The water resource management field has yet to apply HPSOGWO, which may encourage researchers to explore its capabilities in this field. Thus, this study tests and compares HPSOGWO with RGA and GSA. Comparison was based on minimizing four benchmark functions and solving the reservoir operating optimization problem with a constrained non-linear objective function. The algorithms were evaluated based on the statistical results of analysis on the one hand and the reliability, vulnerability, and resiliency indices of reservoir operation on the other hand. Examining the performance of HPSOGWO in dealing with the aforementioned problems is the ultimate objective of this study.

2 Materials and Methods

2.1 Optimization Techniques

2.1.1 Hybrid PSOGWO

HPSOGWO is a novel hybrid metaheuristic algorithm, which merges the functionalities of PSO with GWO to improve the exploration and exploitation abilities of GWO and PSO, respectively (Singh and Singh 2017). HPSOGWO imitates the hunting behavior of grey wolves in nature in the form of GWO. Grey wolves live in groups of 5 to 12 members with a strict hierarchy organized from top to bottom in four categories, namely, alpha (α), beta (β), delta (δ), and omega (ω). The alpha is considered the dominant member of the group and is responsible for making decisions regarding the social behavior of the group especially during hunting. The beta and delta are subordinate to the alpha and can control the remainder of the group (omega). The hunting mechanism of grey wolves has specific steps as follows: (1) tracking, chasing, and approaching,(2) pursuing, encircling, and harassing the prey until it stops moving, and (3) attacking.
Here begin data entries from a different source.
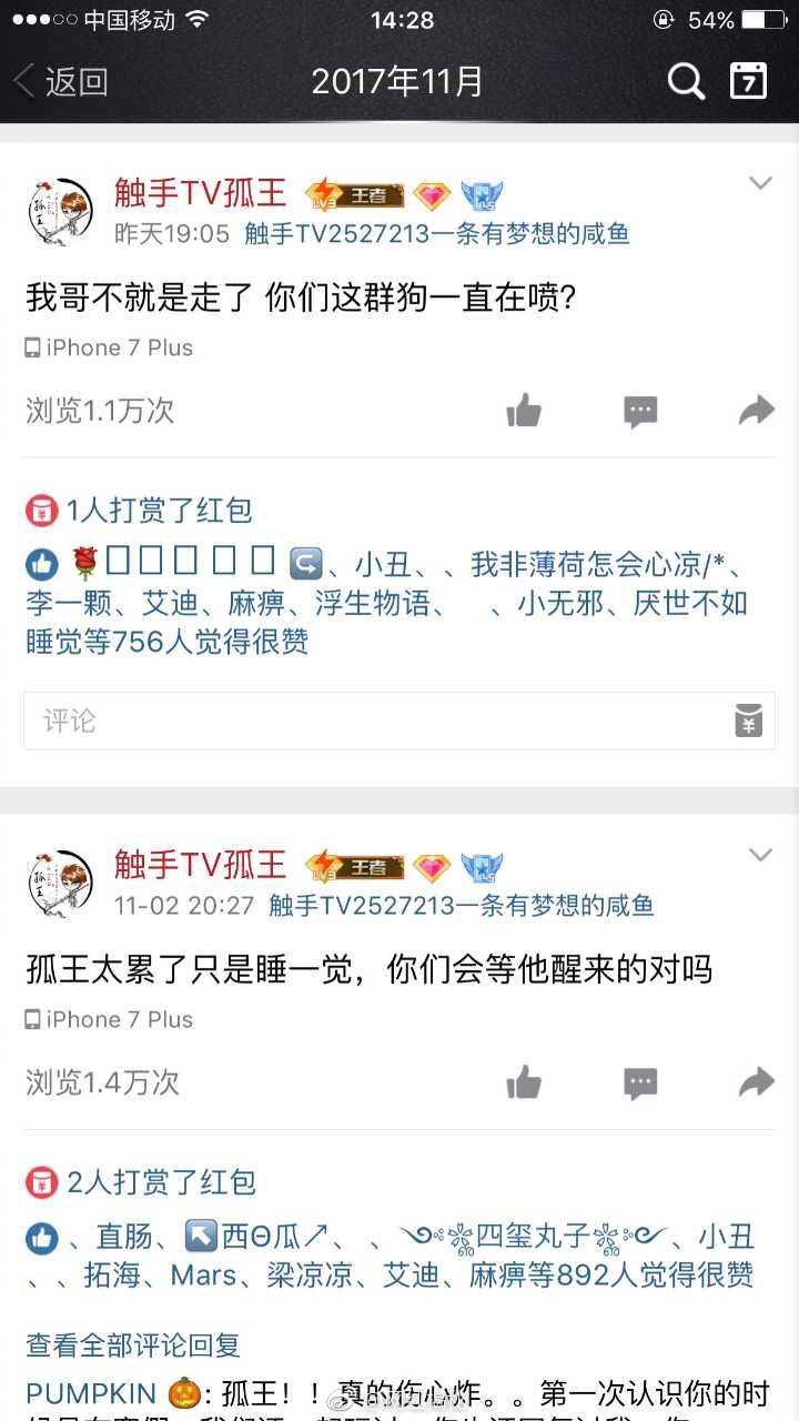 今天看触手刚发现的,主播孤王殿下猝死了,已经9天没直播了,今天刚发现评论说qq说他已经去世了。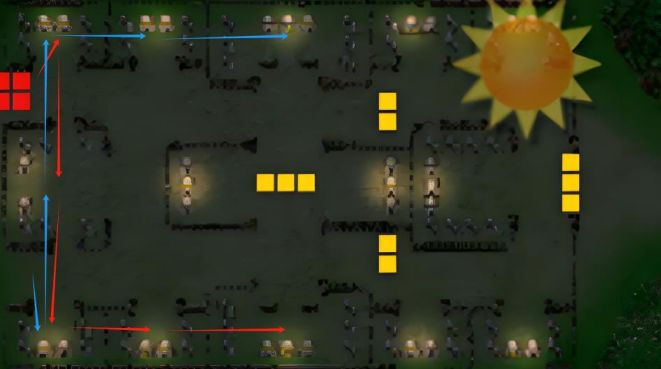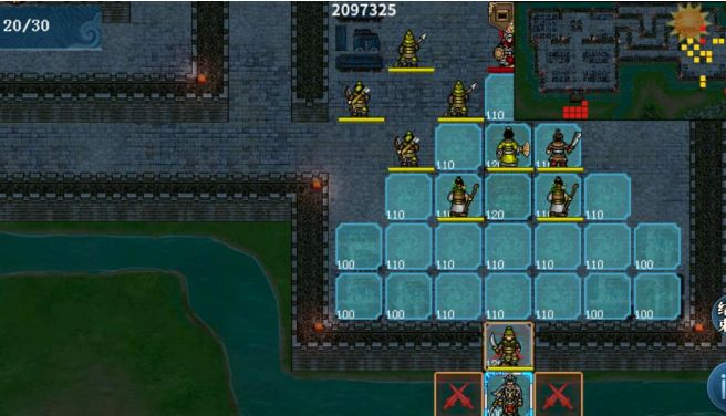 Ps:橙框区域上下通道伏兵(上面 4 弓 2 井阑 1 策士,下面 2 弓 2 井阑 4 策士),红框区域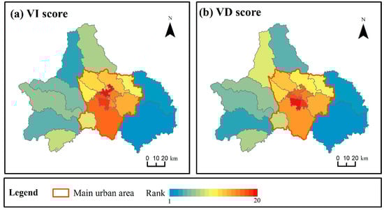 VI and VD scores of districts. (a) VI score; (b) VD score.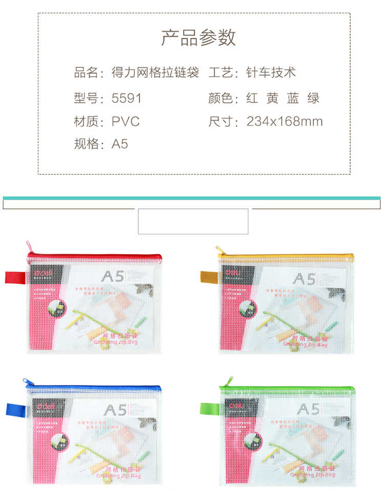 得力(deli) 5591(混)网格拉链袋A5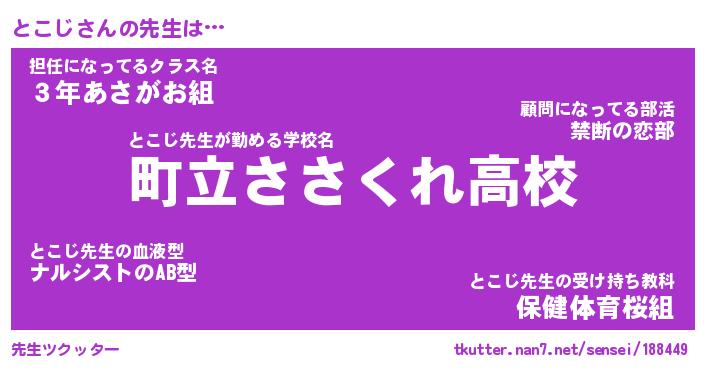 | ファンタジー風あだ名 | 『トコフェル』『エターナルトコジー』 |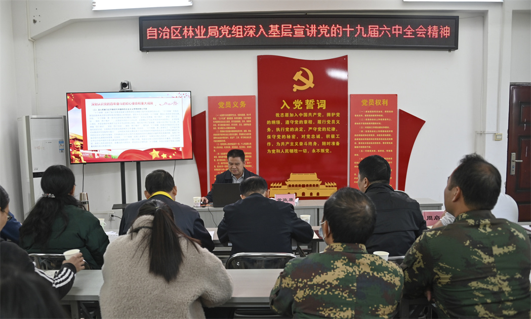2021年12月7日,自治区林业局副局长黄政康参加了局机关第六党支部与七坡分场党支部共同开展的“转作风、抓落实、促发展”主题党日活动,作了党的十九届六中全会精神宣讲报告,并强调要学好、领会好全会精神,创新发展思路,高质量推动林场的发展。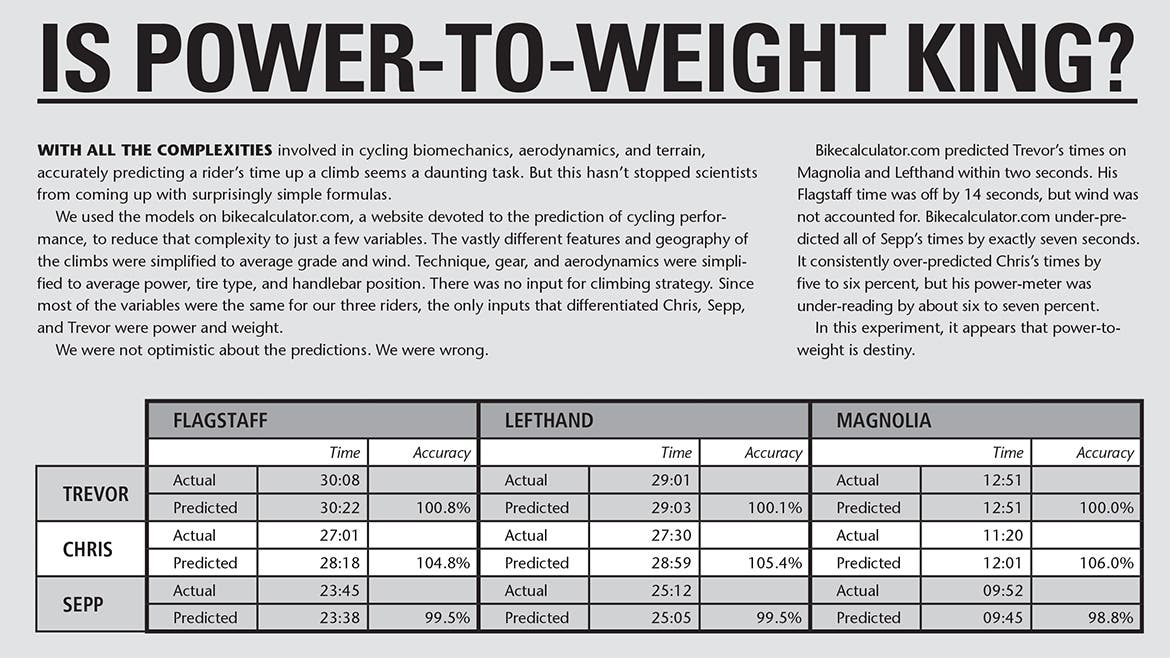 Trevor and I looked to answer a few key questions: Is, as conventional wisdom holds, climbing simply a matter of power-to-weight ratio? In other words, is power-to-weight a perfect predictor of your time up a climb? How much do terrain and technique come into play? And finally, do different rider types have an advantage on different types of climbs?

In the mathematical model, HPSOGWO runs in the following steps:

1. 1.

   N grey wolves are defined and placed randomly in the search space as follows:

   $$ X_{i} = \{ {x_{i}^{1}}, {x_{i}^{2}}, ... {x_{i}^{l}}, ... , {x_{i}^{d}} \} {\kern15pt} i =1, {\dots} N $$

   (1)

   where \({x_{i}^{l}}\) denotes the position of the i th wolf at the l th dimension, and d refers to the search space dimension.

2. 2.

   Fitness is computed for the search agents by using the objective function. Then, the agents are ranked in descending order according to fitness, and the first three best agents are provided with X_α, X_β, and X_δ attributes, respectively.

3. 3.

   Coefficient vectors \(\overrightarrow {a}\), \(\overrightarrow {A}\), and \(\overrightarrow {C}\) are updated to guide the search process by using the following equations:

   $$ \overrightarrow{a} = 2 (1- \frac{k}{K_{max}}) $$

   (2)
   $$ \overrightarrow{A}=2\overrightarrow{a}\cdot \overrightarrow{r}_{1} - \overrightarrow{a} $$

   (3)
   $$ \overrightarrow{C}=2 \cdot \overrightarrow{r}_{2} $$

   (4)

   where k is the current iteration, and K_max denotes the maximum number of iterations. r₁ and r₂ are random vectors in [0,1]. Coefficient \(\overrightarrow {a}\) will decrease linearly from 2 to 0 at the end of the process.

4. 4.

   Wolves α, β, and δ are considered closest to the prey because the position of the prey is unknown. The encircling and hunting behaviors can be performed as follows:

   $$ \begin{array}{c} \overrightarrow{D}_{\alpha} = |\overrightarrow{C}_{1} \cdot \overrightarrow{X}_{\alpha} - w * \overrightarrow{X}|, \\ \overrightarrow{D}_{\beta} = |\overrightarrow{C}_{2} \cdot \overrightarrow{X}_{\beta} - w * \overrightarrow{X}|, \\ \overrightarrow{D}_{\delta} = |\overrightarrow{C}_{3} \cdot \overrightarrow{X}_{\delta} - w * \overrightarrow{X}| \end{array} $$

   (5)
   $$ \begin{array}{c} \overrightarrow{X}_{1} = \overrightarrow{X}_{\alpha} - \overrightarrow{A}_{1} \cdot \overrightarrow{D}_{\alpha}, \\ \overrightarrow{X}_{2} = \overrightarrow{X}_{\beta} - \overrightarrow{A}_{2} \cdot \overrightarrow{D}_{\beta}, \\ \overrightarrow{X}_{3} = \overrightarrow{X}_{\delta} - \overrightarrow{A}_{3} \cdot \overrightarrow{D}_{\delta} \end{array} $$

   (6)
5. 5.

   The velocities and positions of the wolves are updated by using the PSO approach as follows:

   $$ v_{i}^{k+1}= w*({v_{i}^{k}} + c_{1} r_{1} (x_{1}- {x_{i}^{k}}) + c_{2} r_{2} (x_{2} - {x_{i}^{k}}) + c_{3} r_{3}(x_{3}-{x_{i}^{k}})) $$

   (7)
   $$ x_{i}^{k+1} = {x_{i}^{k}} + v_{i}^{k+1} $$

   (8)

   where w represents the inertia constant generated randomly in [0,1], and r₃ is a random value in [0,1].

6. 6.

   Repeat steps 2 to 5 until the maximum number of iterations is reached. Afterward, the search agents stop moving, and final position X_α is considered the best solution.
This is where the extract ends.